Shouldn't be tacky if you use a fan heater to dry it!:lol2:


----------



## Jonny357 (Nov 8, 2008)

yeah same mate, its so annoying everyone asks the same questions because theres no definative answers for everyone to refer to


----------



## lewi (Mar 15, 2009)

Nice one mate, 

You might want to add that instead of painting it you can give it a coat of PVA then cover in sand, then coat in PVA if worried about impaction to seal sand, what i did anyways, looks pritty cool.


----------



## Seems Unlikely (Feb 2, 2009)

Jonny357 said:


> Sealing
> 
> this is a tricky issue. some people do not seal afterwards, if your lizard is from a desert environment and is exposed to low humidities it may not need to be sealed if painted thuroughly, in this case i suggest you use acrylic. however, tile grout contains some nasty things like chromium and lime, which can cause burns, so i would always suggest always sealing it. however asthetically it can be a bit displeasing, leaving the rock with a shiny 'wet' look.
> 
> ...



I have built a rock face in one side of my current viv build but have come up against the problem of whether to seal? having read your bit on chromiium content and lime in the grout it probably is best i do. I have not painted as i have used a beige tile grout from screwfix, with a brown grout as an undercoat. This has given (in my opinion) a reasonably good looking finish. I want to get it finished soon as possible so have been looking at epoxy resin, as you say though this is expensive. I found the following article about epoxy vs polester resin,
Carbon Fiber 101!
which states that is is polyester resin rather than epoxy that yellows in UV. It does however warn that epoxy is toxic in liqud form so this will need to be taken into account. I will get some purchased and post how well it goes. 

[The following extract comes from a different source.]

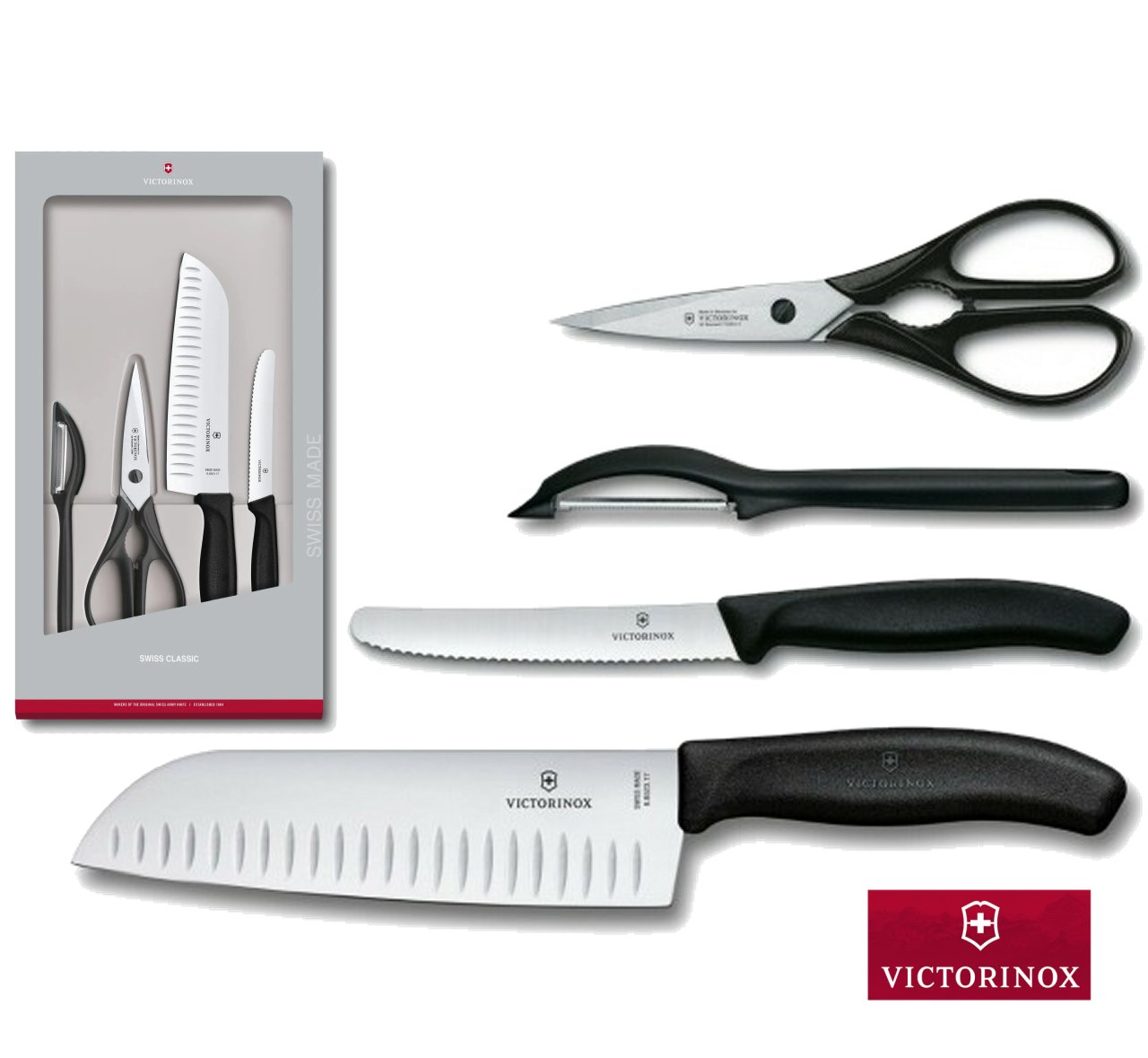 Il set è composto da quattro strumenti della linea Swiss Classic con impugnatura ergonomica nero in poliammide e lama in acciaio inox, ed è confezionato in una elegante scatola regalo.

Also looked at yacht varnish, this has a high VOC so may be rather toxic and smelly, also looked at eco-varnish but reading the small print it contains 30ish%less petrochemical content, replacing it with castor oil, not sure this amount is enough to merit choosing it? 

It's a bugger aint it, you want to do right on the job and end up talking yourself into a corner!!

Corin


----------



## paulab (Mar 26, 2009)

thescalesofbabylon said:


> wud ov taken me weeks write that lot :lol2: so take me hat off to ya there.
> 
> personally i would not wait 24hrs for ya grout dry... use a fan heater : victory: ya can do all coats in a morning or afternoon, far quicker. thats what tilers use to set it off in cold weather so do it !
> 
> ...


Well i need to go out for grout. So come on tell how much flour water and pva do we need to mix.


----------



## thescalesofbabylon (Mar 29, 2009)

paulab said:


> Well i need to go out for grout. So come on tell how much flour water and pva do we need to mix.


:lol2: sorry m8 been busy and forgot about this 1 :blush:

its just common sense really m8, i mixed enough to do 2 pieces which i had created as a sample for it. but bearing in mind i was using a fan heater also to help it along. 

note:: i already had one going in the loft so dont rush out to buy one lol :Na_Na_Na_Na:

the best advice i could give you is when mixed i found that a consistancy between yoghurt and double cream was sound (can see me starting a cookery course :blush: ) it didnt run all over the place and it didnt stodge to create a blobby mess and dried fairly quickly to recieve another coat.

as for the pva/water well its pva! dont matter how much water you add it will still go off. mix ya pva and water together first though then add to flour. rough guide would be lets say 5 parts water to 1 part pva.

you could be mixing a thimble full or a bath full so cant give the true recipe details, just remember the consistancy your after yoghurt/double cream :2thumb:

try it out on a spare piece like i did, ya cant go wrong, every time its coated its sealed

have not tried adding substrate to the mix, think that could get messy so once you have got what your after, just use pva/water to coat then bang ya sand or whatever on, i got carried away and was doing a collage with in night garden and telly tubbies pics :blush:

after that you need to bake it for about 25mins on gas mark5... and if you do this line you need a :bash: :lol2:


and to prove its not a joke :lol2: still a bit of tweaking but ill get there :2thumb:


----------



## paulab (Mar 26, 2009)

:lol2: Thankyou.


----------



## Jim2109 (Mar 30, 2009)

great call on the space foam!!

i had a similar thought to you in that polystyrene breaks up too easily, and i thought it would be hard to accurately shape. so i started out using Oasis foam, the green stuff that is used for flower arranging. its absorbent as well, so i was using polyester resin and fillite to harden and seal it.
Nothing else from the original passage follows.